I started this blog with no real idea why.  I read blogs, but I wondered who would write them.  Who would spill such details of their lives out into the public domain?  Was it a need to expose?  Or was it manufactured?

I started by asking some friends of mine who blog.  They had various reasons, but none of them seemed to suit me.  For me, it was a curious itch that wouldn’t go away, an itch that I needed to scratch.

And so I started.

If you have read much of this blog, you will know that it has no clear direction or focus.  Instead it meanders and morphs, flowing from this idea or season to that; much like the life of a mother of small children!  At first I thought it terribly disjointed, but I can now see it a bit bigger than that, it is what I first called it, A Day in the Life of a Career Mum.  And, as all you Career Mums out there know, our days can be filled with the small things like preparing 47 snacks, or with big things like sick kids, or with exciting outings and events or pondering big issues – as well as so many other things.  And on some days, the things that are on my mind will even coincide with the things on yours.

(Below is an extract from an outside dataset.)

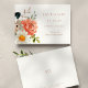 Moda y elegancia. Esta magnífica tarjeta boda salva la fecha cuenta con un ramo de flores colorido, un conjunto contemporáneo de fuentes en un rico ocre oscuro contra un fondo de marfil de moda. La plantilla se completa con un par de iniciales al lado de la parte posterior y texto adicional para el sitio web del boda si es necesario. Memorable y único, esta carta exime de elegancia, alegría y encanto.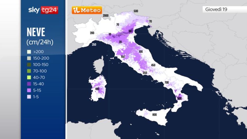 Infine, novità dell’ultima ora, la neve farà la sua comparsa fino a quote di alta pianura (150/350 metri) anche su Toscana, Marche, Sardegna e Lazio.

But that isn’t really why I blog (even though it is an interesting reason.)

For a while, I used this blog purely as a log of homeschool tasks.  We were doing quite a bit of homeschool preschooling at the time, and I needed to keep a record in case we were audited.  It was also a great way to keep our ideas together.

But I felt the need to write about other things – that itch again.  And over time we have decided not to formally homeschool for the present.  I still love keeping a record of our activities that fall into that kind of thing and I love being able to share them with others – so much of my inspiration has come from other mums.  But there is more.

I love to write.  I have always loved to write.  When I was in Kindergarten, I loved to write and my best friend loved to draw.  We decided that we would write books together when we grew up.  Unfortunately, that plan fell apart somewhere.  I believe she ended up as a hairdresser.  And me… well, career hasn’t been a straight path for me!

My favourite years at school were ones where I got to do lots of writing.  I particularly recall Years 4 and 6, and I still have a box of stories that I wrote then.  In high school, apart from a couple of times when I had a English teacher who loved poetry, the only thing that kept me alive in that subject was creative writing – 15% of the total mark.  I used to even write novels for my friends for their birthdays!  Alas, it was pre-computers, so I gave the originals away.

And then I studied Engineering.  Once more I have to say, “What was I thinking??”

I ventured into a different kind of writing, keeping diaries.  Myriads of them.

I have never had the confidence to become a writer.  I am a perfectionist and I also fear the judgement of those I know.  My cousin is a writer.  A very good writer.  He has won a Booker Prize (amongst other things).  I don’t enjoy his writing, but he is certainly successful.  And being a perfectionist, that is the yardstick I would measure myself against.  Silly, isn’t it?

But I have now found, that with my blog, I can write.  I can write a little and share a little, and if people don’t like it, they don’t read it.  No one gets hurt.

(Yes, I know that my writing isn’t exactly Booker Prize winning standard, but that doesn’t matter, either.)

I have also re-discovered that happy feeling inside that I get when I write.  A sort of warm, fuzzy, contentedness.

This year, I would like to write more.  I would like to be a little more organised on my blog, while still maintaining some of that eclectic-ness that makes me who I am.

Maybe one day I will be a professional writer.  Or maybe I won’t.  But right now, I like to write my blog.